At a time when mainstream movies are inching toward more and more explicit sex -- not sexiness, mind you, but sex -- Melissa Leo can’t say “fuck” on the Oscars.
This was brought home to me the other day when I picked up a DVD of the 1969 John Wayne version of “True Grit.” To my surprise, that movie is rated “G” -- that is, for general audiences, just like the kind of movie Disney used to make.
Given that the Coen brothers new version is not so much a reimagining of the Charles Portis novel as it is a simple remake of the Henry Hathaway movie, I wondered what it was rated. The answer: PG-13.
Both movies are virtually the same. I can remember one outright cuss, the ever acceptable “son of a bitch”, which is uttered in both versions. There’s no sex in either movie. I would venture to say that, aside from one shot of Moon’s fingers getting cut off in the Coen version there is exactly the same amount of violence, and about the same amount of blood. The Coens ratcheted way down their penchant for grisliness. I will say that old Rooster Cogburn’s drinking is overplayed in the Wayne version.

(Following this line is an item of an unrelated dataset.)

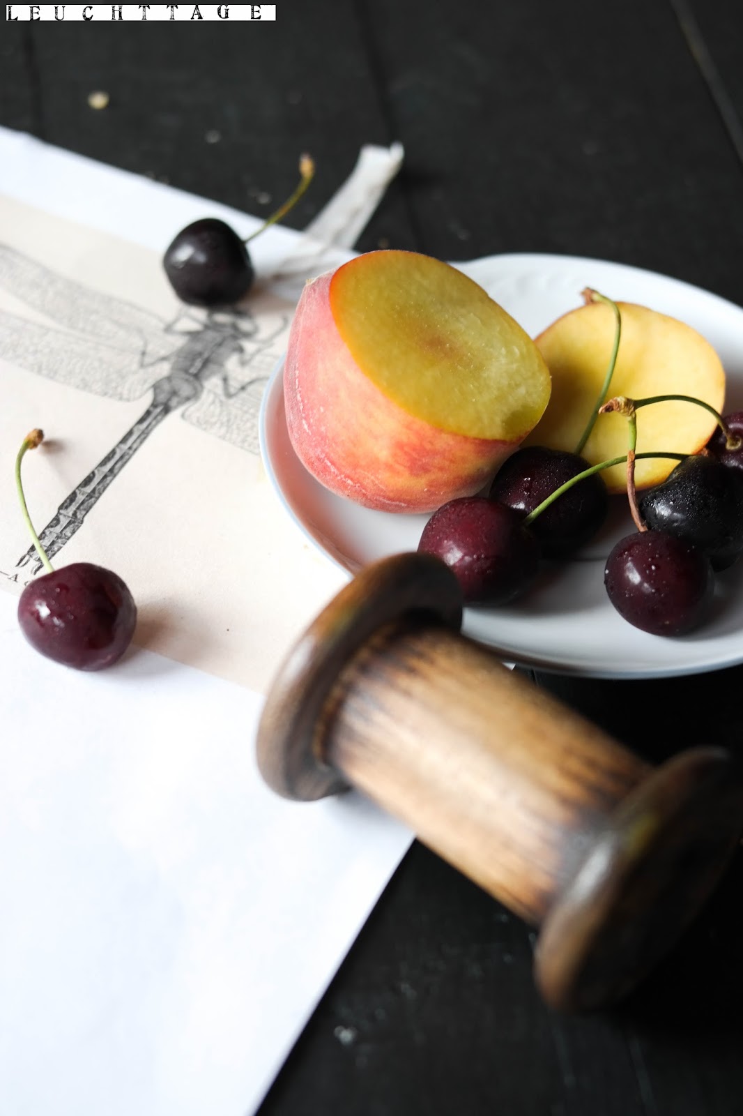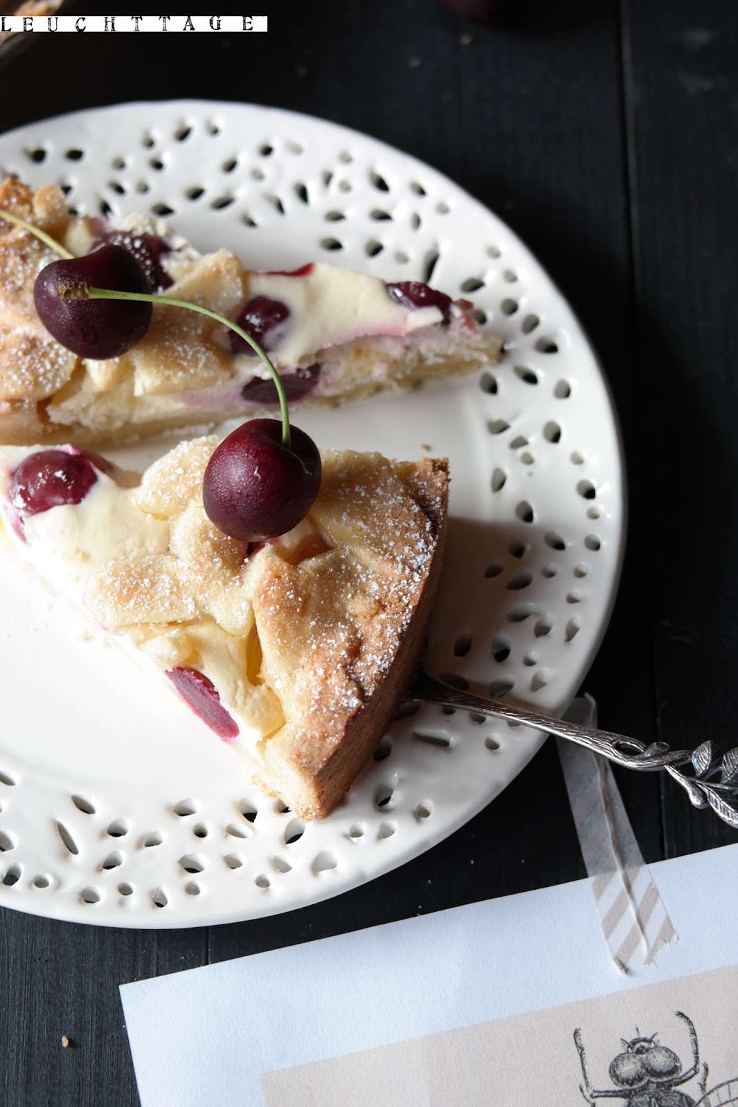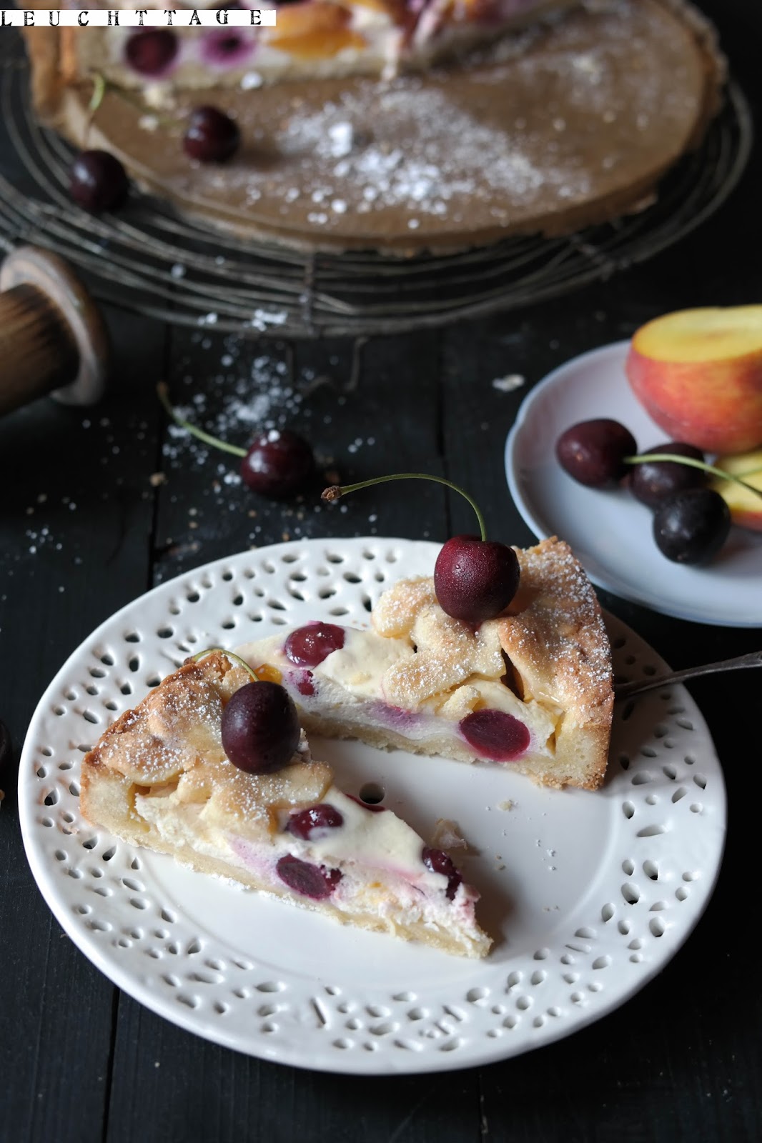 Und da hier noch ein paar Kirschen und Pfirsiche rumlagen und diese geradezu nach Obstkuchen schreiben- jedenfalls habe ich dieses Schreien vernommen- gab es noch einen saftigen Kirsch-Aprikosen-Kuchen mit einer leichten Quarkcreme, der ohne viel Zucker auskommt, dafür machen ihn die Früchte süß genug !

To my eyes, the Coen brothers version is actually tamer. Think of this: The hanging scene in the 1969 version takes place in a town square, not in the barren, dusty landscape in the Coen version. In Hathaway’s movie, people are singing hymns as the men get lined up for the noose. There are kids on swings. There are families parked in their buggies to watch the afternoon entertainment. There’s a boy selling peanuts. This version is much more disturbing than what the Coen brothers did with it, and yet this version is okay for kids, apparently.
So why does this version, in what we would often think of as a much less permissive time, receive a G rating and the new one, released in the freewheeling world of Internet porn and R-rated TV, get a PG-13?
I don’t think it’s marketing, because people don't any attention whatsoever to ratings any more. We just live in a time when we no longer know what is acceptable, and what is not.